Perhaps science will someday catch up with women such as this one, who is now suffering from incontinence due to running during pregnancy. Or perhaps science will catch up with women in less exalted careers such as the firefighter Christi Rodgers, women who push themselves during pregnancy and its immediate aftermath, even at the risk of their own lives.

— Comments —

Hurricane Betsy writes:

Another grave mistake is for women to be active right after delivery.  Every traditional society that I’m aware of requires a woman who’s just had a baby to rest for 30-40 days. There are semicommunal religious groups where I live where this is enforced.  During this time, other women come in to her home to do the housework and cooking.  The new mother just rests a lot and feeds the baby.  Yes, I know there’s this burst of crazy energy after delivery, but that has to be ignored.

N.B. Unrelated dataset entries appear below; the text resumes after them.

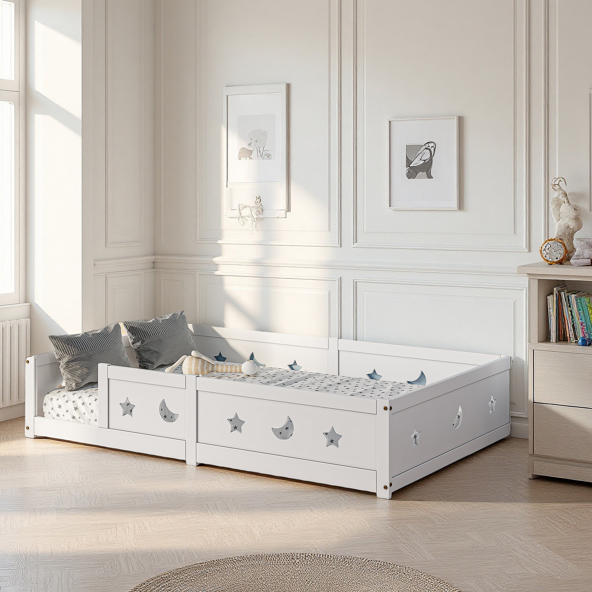 Lit 120x200 cm - lit enfant 120x200 cm avec Led - tissu en velours - lit de clôture 120x200 cm - cadre de lit 120x200 cm - blanc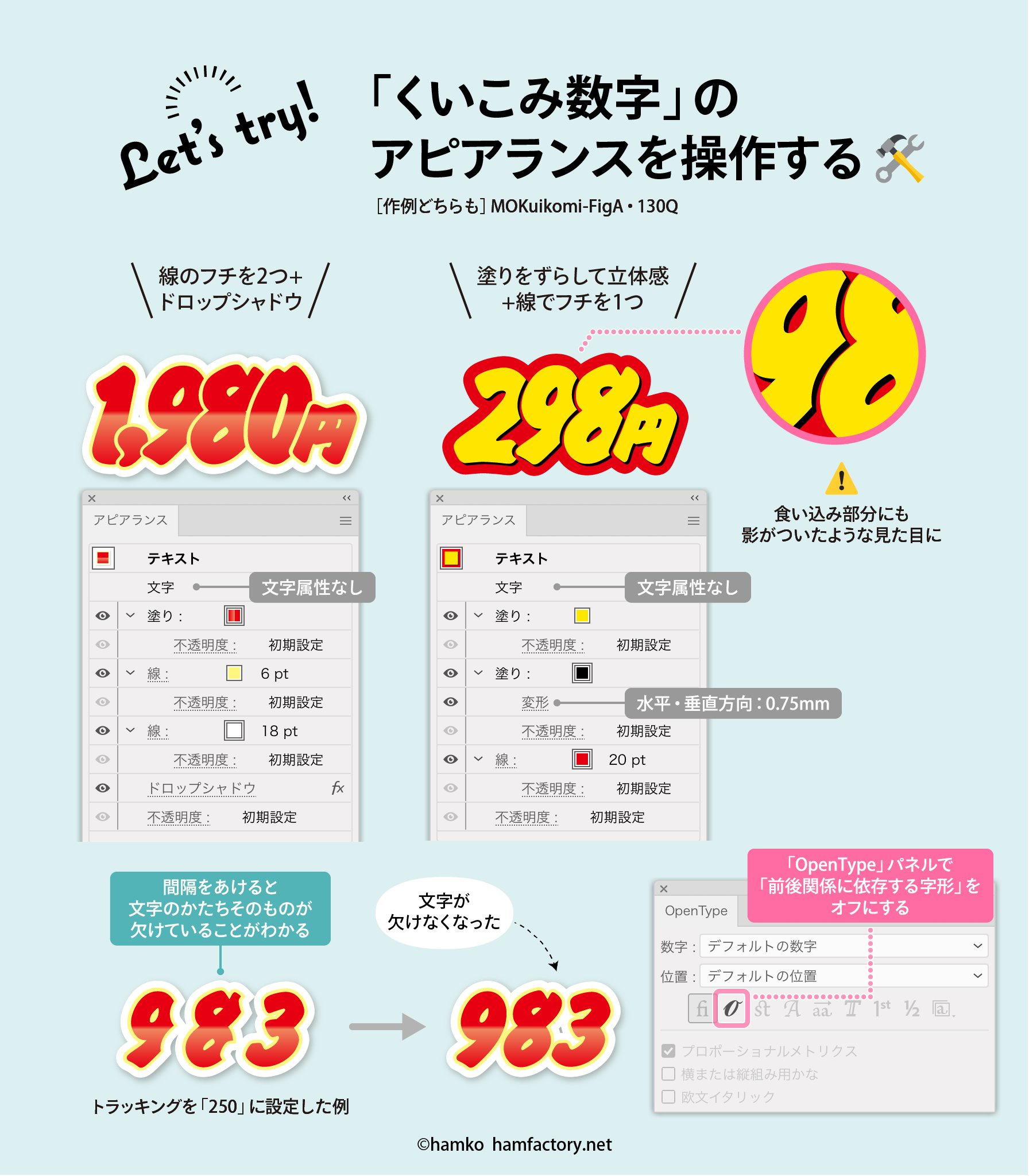 hamko on X: "スーパーのチラシの価格表記などで見かける「くいこみ数字」フォントをインストールしたのでさっそく勉強がてら遊んでみました。目的に特化してるフォントなだけあって、調整なしでもそれっぽくなるので驚き。アピアランス機能をつかった装飾もふつうに。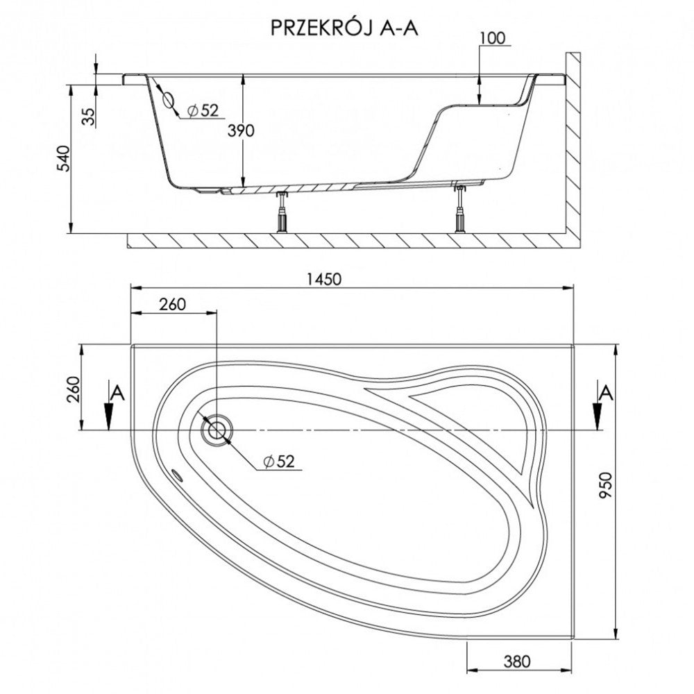 SIMPLA 95x145 aszimmetrikus kád jobb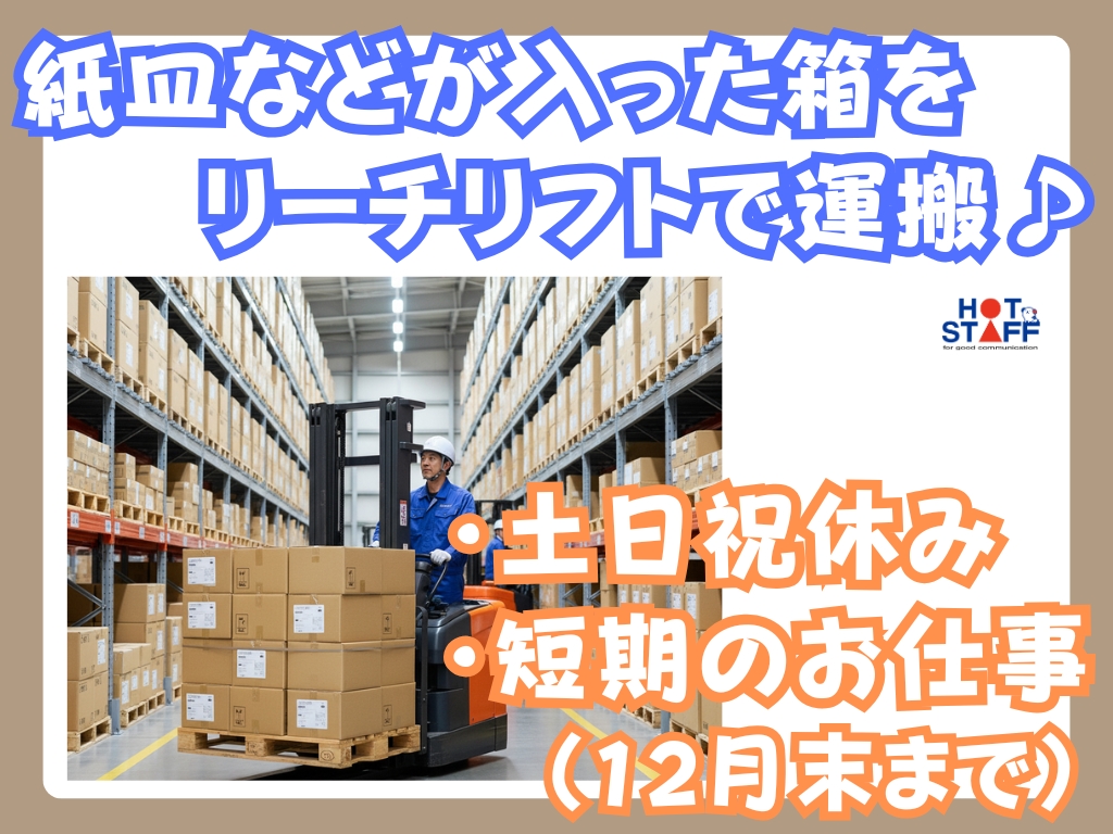 《紙皿や紙コップなどが入った段ボールをリーチリフトで運搬♪》12月末までの短期/土日祝休み/急募

That runner exposing  her abdomen would have been considered ghastly in old Japan (and maybe modern Japan, too).  They thought that the pregnant belly should be kept warm and supported with a thing called a hara-maki.  And never exposed in that way to the elements.

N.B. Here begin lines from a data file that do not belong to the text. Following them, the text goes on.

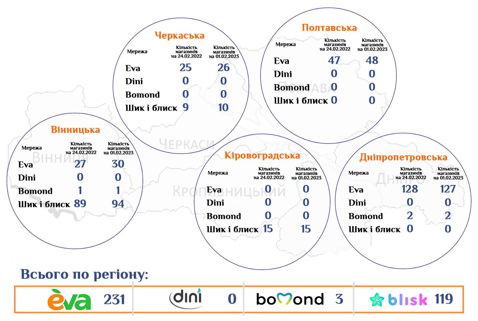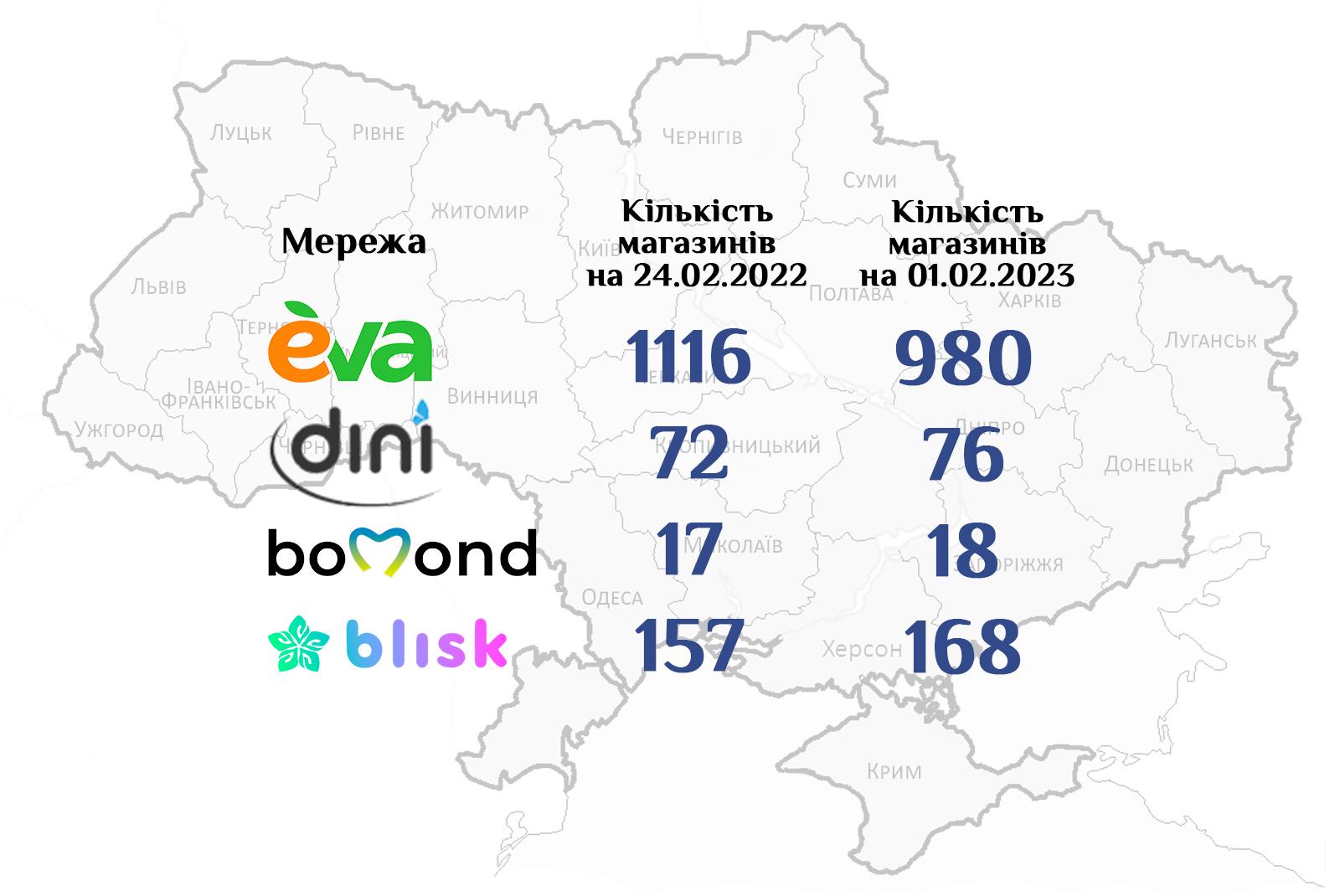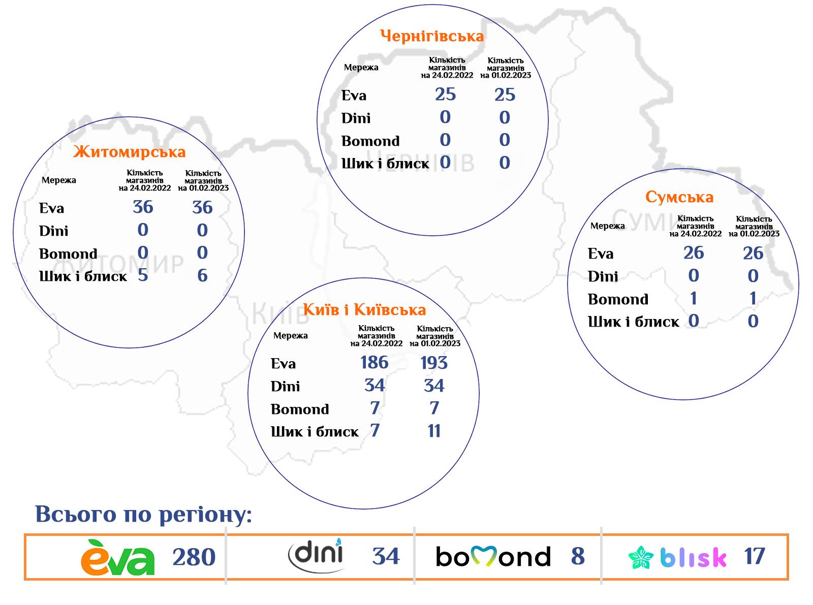 У північних областях повністю відновили свою діяльність мережі EVA, Dini та Воmond. Крім того, мережа EVA відкрила сім нових магазинів у Київській області, а мережа Шик і Блиск – чотири нових магазинів у Київській області та один магазин у Житомирській області.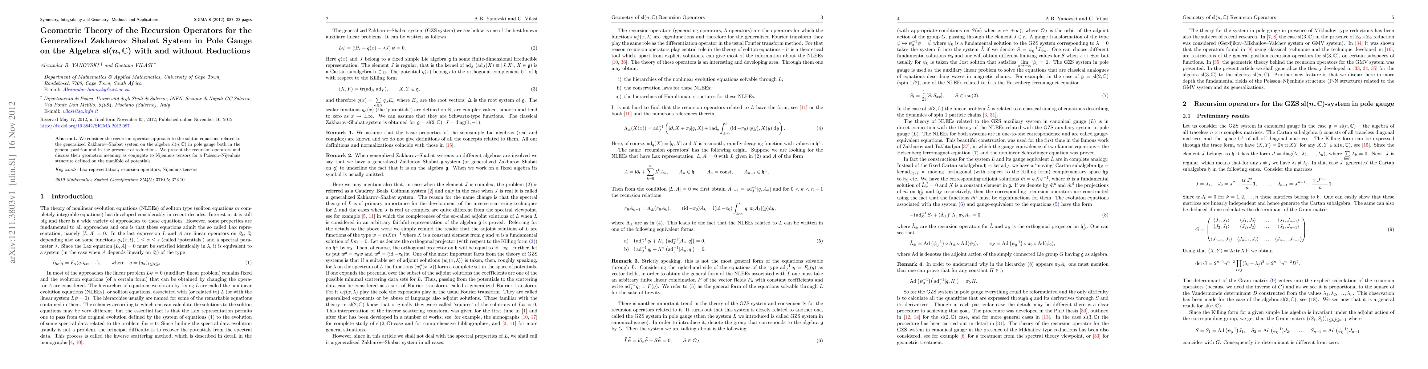 We consider the recursion operator approach to the soliton equations related to the generalized Zakharov-Shabat system on the algebra sl(n,C) in pole gauge both in the general position and in the presence of reductions. We present the recursion operators and discuss their geometric meaning as conjugate to Nijenhuis tensors for a Poisson-Nijenhuis structure defined on the manifold of potentials.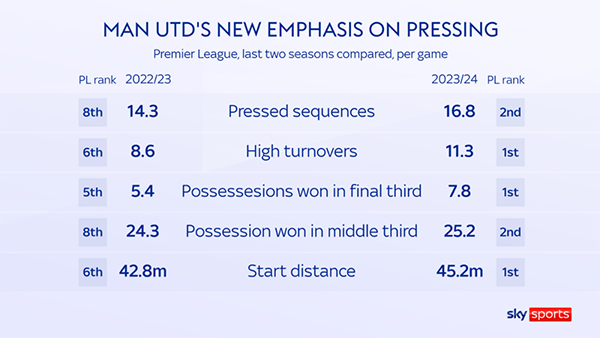 英国天空体育的数据显示,曼联的高位逼抢有一定收效,在前场抢回球权的数据在英超名列前茅。但是,曼联的紧逼并没有完全达到滕哈格想要的效果,球员在前场无法始终遏制对手。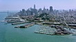 Aerial shot above the North Beach district of San Francisco with Telegraph Hill and the Financial District in the background. Shot in USA.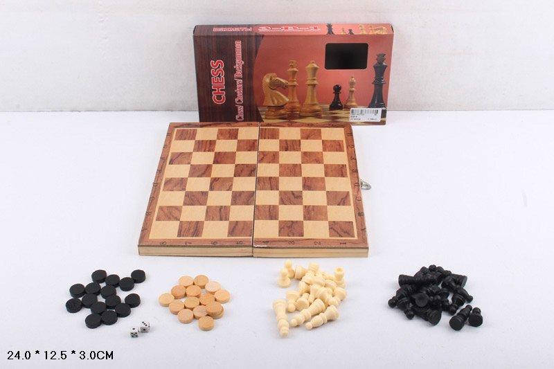 Шахматы деревянные шашки нарды 3в1, поле 24*24см, см. описание

I can’t believe for a moment that all that running and other athletic activities are good for woman and baby.  Down the line, damage will be seen, probably something much worse than leaking urine.

I shovelled snow, did housework, walked and rode bike a bit while pregnant.  That was plenty.  I never ran once.

Josh F. writes:

There is so much obscenity and absurdity in the combination of these two stories of “women” athletes and firefighter (radical female liberationist to be more truthfully exacting), one barely knows where to start.  But the true lesson is so subtle as to be totally missed.

What is it to be a firefighter if a morbidly obese AND recently delivering mother can do it?  What is it to run a marathon if at 8 months pregnant a “woman” can do it OR after just fours month since delivering, this same “woman” qualifies for the Olympics?  What of the barely-out-of diapers lad who climbed Mt. Everest?  What of the prepubescent girl who sailed the entire globe?

Let’s face it…  These endeavors, whatever they may be, are slowly but surely being trivialized and denigrated to accommodate an extreme fringe of radical female liberationists who inexplicably get to go by the name of “feminists.”

Whether this relentless encroachment pushes boys and men to do more extreme things or whether it drives them into their “shells,” “we” will see one outcome or the other and almost certainly both.  This will go hand and hand with an increase in death and destruction for the radical female liberationists and those a slave to their creed.

P.S. The sheer absurdity of pregnant “athlete” should be self-evident.

Laura writes:

The comments after the Times article are a real glimpse of feminist thinking on pregnancy. Here is one:

Kiki de Montaparnasse tells in her autiobiography that she was born while her mother was working on a field, harvesting. She stopped for a while, crouched, and out went Kiki. Women bodies, when fit, are fully prepared to acomodate pregnancy to almost any physical [sic] duty they perform. Kiki’s mother did it out of necessity; these women do it out of personal election. Esthetically is not the nicest thing [sic], and psychologically is some type of evolutionary regression, maybe a way to keep old forms of survival. But who cares.

The modern-day equivalent of crouching in a field is working right up to delivery and soon after. What is liberating for elite athletes is enslavement for the ordinary woman and child neglect.

Marissa writes:

“Another grave mistake is for women to be active right after delivery. Every traditional society that I’m aware of requires a woman who’s just had a baby to rest for 30-40 days. “

I just recently learned about this from a new friend in a traditional parish of which I am a member. She is Hispanic and it’s called “cuarantena”. The mother and baby rest for 40 days, she must stay warm and covered up (essentially wear pants or tights under her skirt/dress), no fans, no showering or activities that will get the mother cold. It’s very interesting and speaks of a culture where even the poorest parts of society took care of a new mother. I’d take it any day over a run in the park with my baby weight bouncing up and down and my child…where? Bouncing along in a carriage or home without me?